И мой отец, уже сытый по горло различными легендами, с должным смирением вынужден был выслушать ещё одну.
Изумрудное интальо работы древнего восточного мастера много лет хранилось вместе с другими старинными геммами в сокровищнице великих моголов в Дели. А в 1739 году, когда войска персидского завоевателя Надир-шаха вторглись в Индию и сокровищница великого могола Мухамед-шаха была разграблена, Надир-шах подарил это интальо своему старшему и любимому сыну, Реза Куле, который должен был наследовать великую и могущественную империю. Но будущее известно лишь аллаху. И в 1743 году Надир-шах, разгневавшись за что-то на сына, приказал ослепить его. Впрочем, шах вскоре раскаялся в содеянном, и гнев его обратился против пятидесяти вельмож, присутствовавших при ослеплении наследника. Почему они, зная о намерении своего повелителя, не разубедили его? Почему они не предложили шаху свою жизнь для спасения очей наследника? Понятно, что на всё эти вопросы вельможи ничего вразумительного ответить не могли. А молчание, по мнению Надир-шаха, являлось самым веским доказательством их вины.
Справедливость рано или поздно, но должна была восторжествовать. И она восторжествовала. Все пятьдесят «виновников» ослепления Реза Кулы были казнены на площади перед дворцом. Реза Кула мог собственными глазами убедиться в справедливости своего великого отца, но глаз у него уже не было… И тогда шах, отличавшийся не только справедливостью, но и хитроумием, сказал сыну: «Твои уши услышат их стоны, а твой изумруд увидит их мучения». И, когда наследник присутствовал при казни, на его груди было интальо из сокровищницы великих моголов…

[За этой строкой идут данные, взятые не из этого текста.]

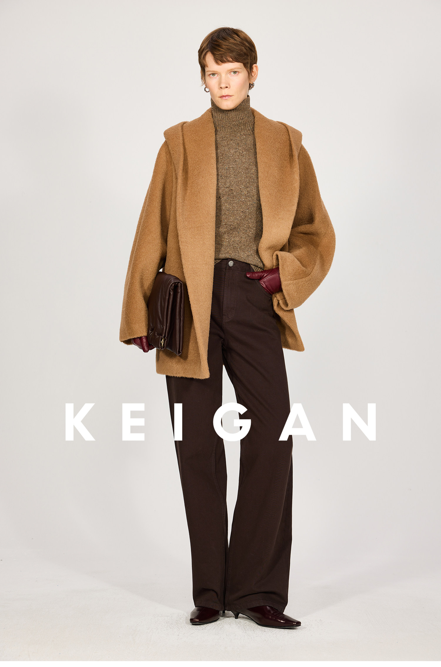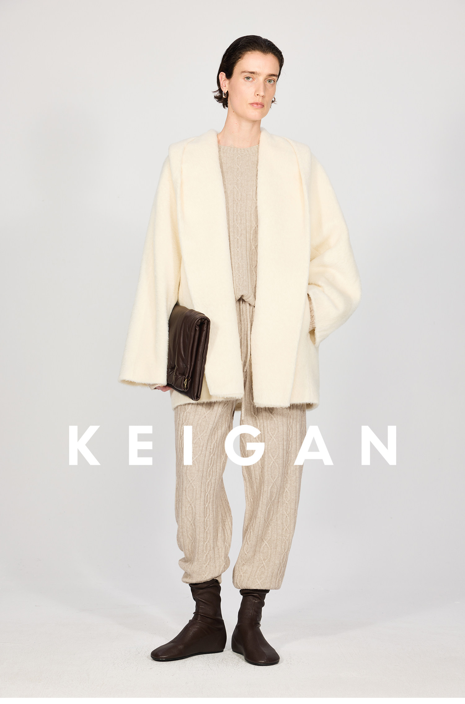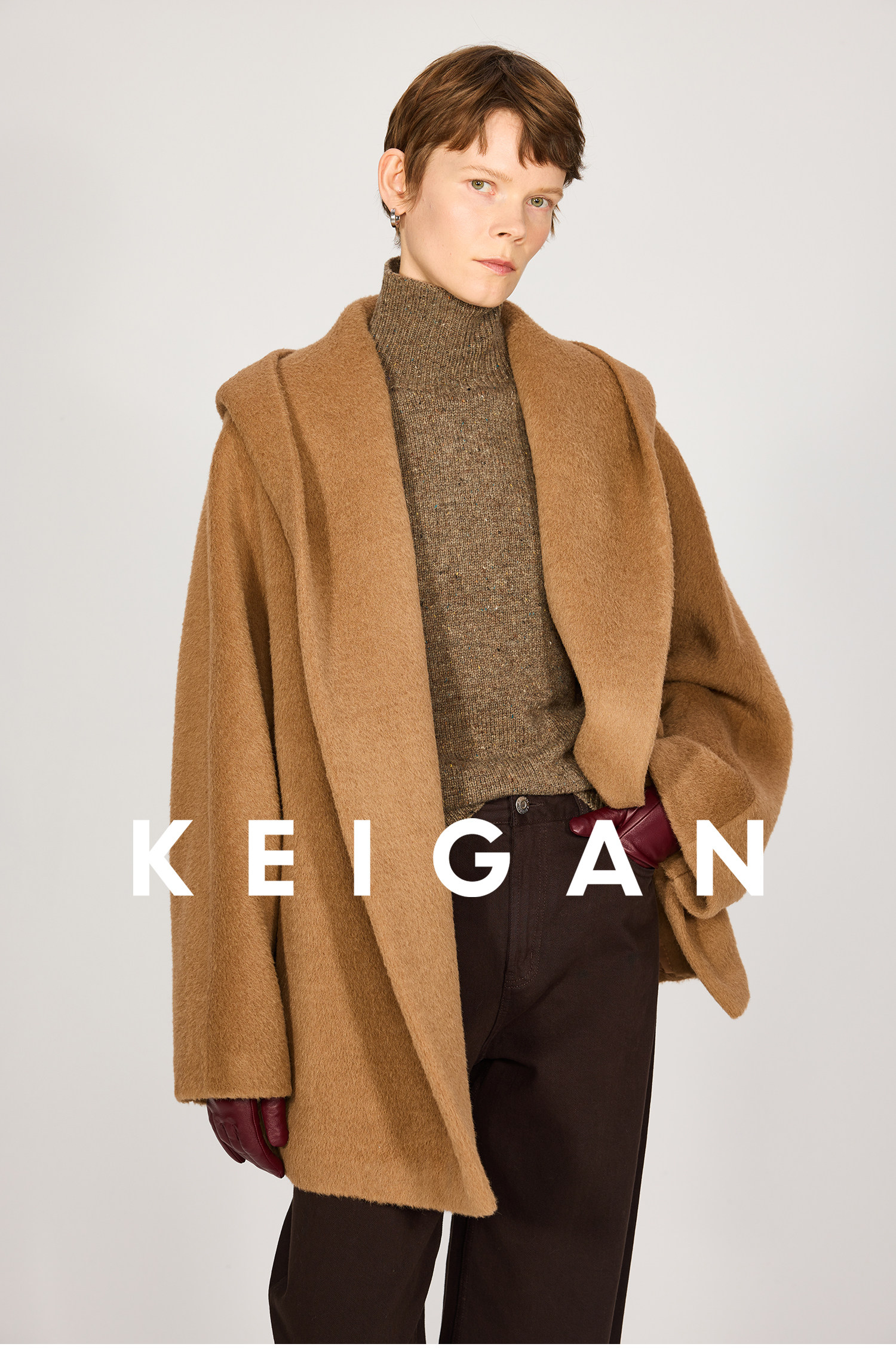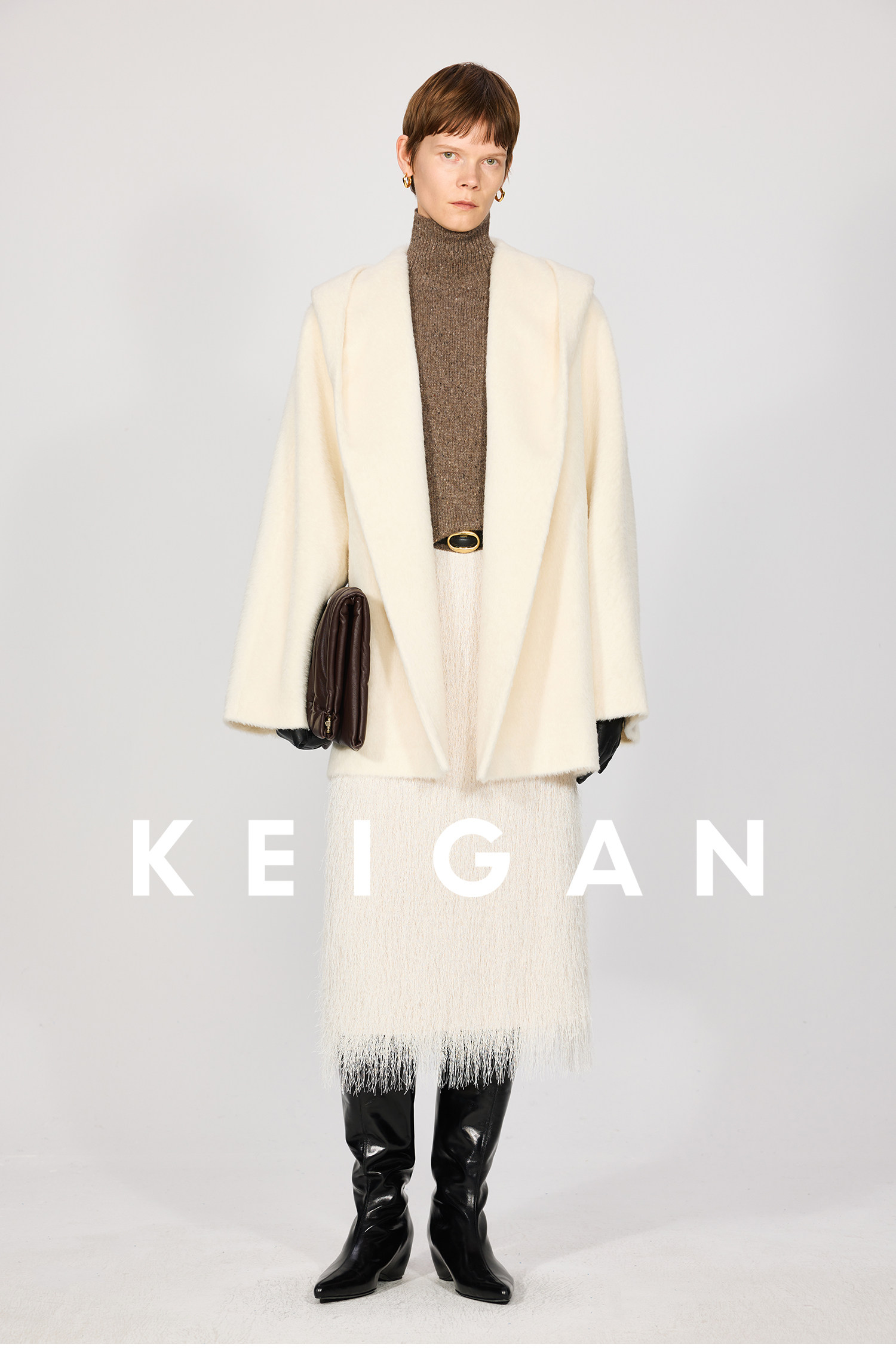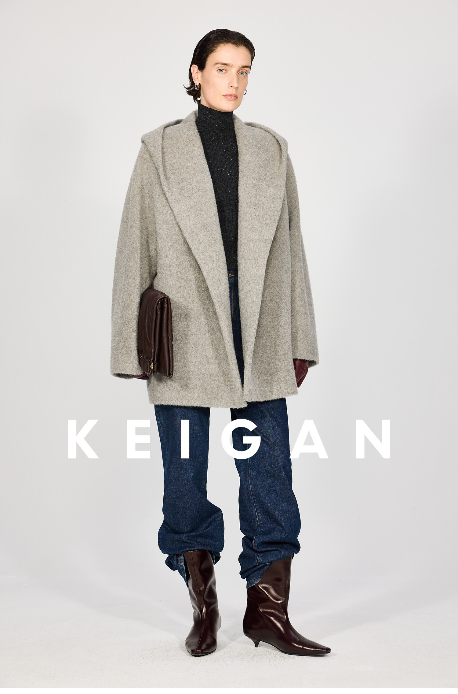 Black Label/Italian Texco Extra-Long Wool Peruvian Inca Natural Color Alpaca Hooded Bathrobe-Style Short Coat

Кто-то из персидских поэтов писал потом, что от созерцания пролитой во время этой казни крови изумруд стал алого цвета и таким же горячим, как щипцы, которыми палачи терзали несчастных. Чтобы вернуть камню прежний цвет, интальо поместили в зелёном, как сам изумруд, шахском саду, и ровно через пятьдесят дней к камню вернулась его первоначальная окраска…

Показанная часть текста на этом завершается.